Tasked Opus in Cursor with refactoring tool components. Created a sensible, flexible component structure. Result was 80-90% of the way there — functional, looked great, massive improvement. Opus is the engineer who just gets stuff done and builds things quickly.

Step 2: Review and Harden with Codex

Took the code to the Codex app. Prompted for principal-level code review checking architecture, performance, scalability, and customizability. Codex was phenomenal — tore the code apart identifying high-impact issues and edge cases that Opus missed. Prioritized issues, asked clarifying questions, then implemented fixes and polished to production-ready state. Code passed AI-powered Bugbot review (also running on a Codex model) and shipped.
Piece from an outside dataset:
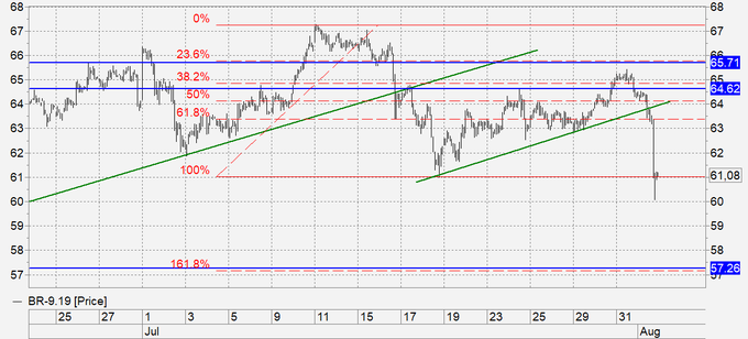 Нефть: рынок уже был слаб после понижения ставки ФРС, а вчерашний твитт Трампа дал дополнительный толчок, после чего рынок упал на пару долларов. Сложности в переговорах с Китаем и перспективы ввода 10%-ой пошлины на товары объемом 300 млрд. долларов сами по себе может быть и не так страшны, но если данный шаг будет сделан, то перспектив на глобальное развитие в ближайшие несколько лет станет меньше. Нефть продолжит движение к 57.30. Остаемся в шортах.

“GPT-5.3 Codex replicates the principal software engineer experience perfectly: you might have to fight them tooth and nail to build something new, but they are more than happy to find every single flaw in someone else’s code.”

Speed, Cost, and Token Abundance

Opus 4.6 Fast is incredibly fast but roughly 6x the cost of standard (~$150/million output tokens). With “token abundance” mindset: shipping 44 PRs and major features would traditionally take a team months and cost tens of thousands — even at high model costs, the value and velocity are off the charts. Caveat: “don’t pick the wrong task” for the fast model, or you’ll get a bill you’re not happy with.

Recommended AI Engineering Stack

Claude Opus 4.6: Creative, generative, greenfield work — new features, UI design, initial implementation. The eager product engineer.
GPT-5.3 Codex: Code review, architectural analysis, finding edge cases. The meticulous principal engineer ensuring code is hardened, scalable, and production-ready.
Combined: Let Opus build it, then let Codex break it.